1. **Data Preparation**: Ensure you have the necessary VCF files and gene configurations. The notebook expects CSV or TSV formatted files.

2. **Environment Setup**: If using Docker, ensure Docker is installed and running. Alternatively, ensure you have a Python environment set up with all necessary libraries.

3. **Configuration**: Adjust path variables in the notebook to match the location of your data files.


### 1. Input variables

#### 1.1 Path variables - change these for specifing correct paths

In [None]:
gene_config = 'gene_config.json' 
args_case =  # add here TSV or CSV file with case data
args_control = # add here TSV or CSV file with control data

#### 1.2 Configuration variables

In [None]:
is_csv = True # if False, then tsv, if True, then csv
iterations = 100 # number of iterations for permutation test
combination_length=5 # number of genes in a set
case_genes_length = combination_length  # e.g. sets of 5 genes
case_count = extract_number_from_filename(args_case) # extract number from filename
control_count = extract_number_from_filename(args_control) # extract number from filename

## 2. Utility functions

In [None]:
def load_gene_config(json_file):
    """Load gene configuration from a JSON file."""
    with open(json_file, "r") as file:
        config = json.load(file)
    return config

In [None]:
def extract_number_from_filename(filename: str) -> int:
    """Extract the number from the given filename."""
    match = re.search(r"\d+", filename)
    return int(match.group()) if match else None

## 3. Data Loading

### 3.1 Loading Gene config

In [None]:
config = load_gene_config(gene_config)

In [None]:
# keys in gene_config would show information present in it
config.keys()

In [None]:
# Lets Show some of itersect genes
config['intersect_genes_tso'][:5]

In [None]:
# How many intersect genes are there
len(config['intersect_genes_tso'])

In [None]:
# printing number of genes in each conf
for i in config:
    print(i,':', len(config[i]))

### 3.2 Getting rv_genes and neg_control_genes for use in our test

In [None]:
rv_genes = config["rv_genes"]
neg_control_genes = config["neg_control_genes"]

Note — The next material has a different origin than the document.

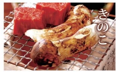
きのこ 香りと歯ごたえがとびきり素晴らしい松茸をはじめ、山でとれたばかりの新鮮なきのこが様々な調理法で楽しめます。

### 3.3 Loading case and control SNV data

For csv data file intersect_genes_tso is loaded while for tsv intersect_genes_tshc is loaded. Read the docs for clarification

In [None]:
if is_csv:
    intersect_genes = config["intersect_genes_tso"]
    df_case = pd.read_csv(args_case, sep=",", header=0)
    df_control = pd.read_csv(args_control, sep=",", header=0)
else:
    intersect_genes = config["intersect_genes_tshc"]
    df_case = pd.read_table(args_case, sep="\t", header=0)
    df_control = pd.read_table(args_control, sep="\t", header=0)

As we have loaded single file for case and control, both dataframes will be same

In [None]:
df_case.head(2)

In [None]:
df_control.head(2)

In [None]:
# Dataframe length
# Each row contains a gene
f'number of genes in case: {len(df_case)}', f'number of genes in control: {len(df_control)}'

### 3.4 Assigning the 1st column the name of gene

In [None]:
df_case.rename(columns={df_case.columns[0]: "gene"}, inplace = True)
df_control.rename(columns={df_control.columns[0]: "gene"}, inplace = True)

In [None]:
df_case.columns

### 3.5 Getting list of all genes

In [None]:
all_genes = df_case['gene']

## 4. Cleaning data

### 4.1 Selecting intersect gene from config

In [None]:
# Selecting only itersecting genes from config
if intersect_genes is not None:
    # Filter out empty genes and keep only the intersecting genes in both dataframes
    df_case = df_case.dropna(subset=["gene"])
    df_case = df_case[df_case.gene.isin(intersect_genes)]
    df_control = df_control.dropna(subset=["gene"])
    df_control = df_control[df_control.gene.isin(intersect_genes)]
    df_case.reset_index(drop=True, inplace=True)
    df_control.reset_index(drop=True, inplace=True)

In [None]:
# Dataframe length after selecting only intersecting genes available in config
f'number of genes in case: {len(df_case)}', f'number of genes in control: {len(df_control)}'

In [None]:
#Check if dataframes are of equal length
if len(df_case.index) != len(df_control.index):
    print("WARNING: Case dataframe length does not match control dataframe length! The intersect of both dataframes will be analysed.")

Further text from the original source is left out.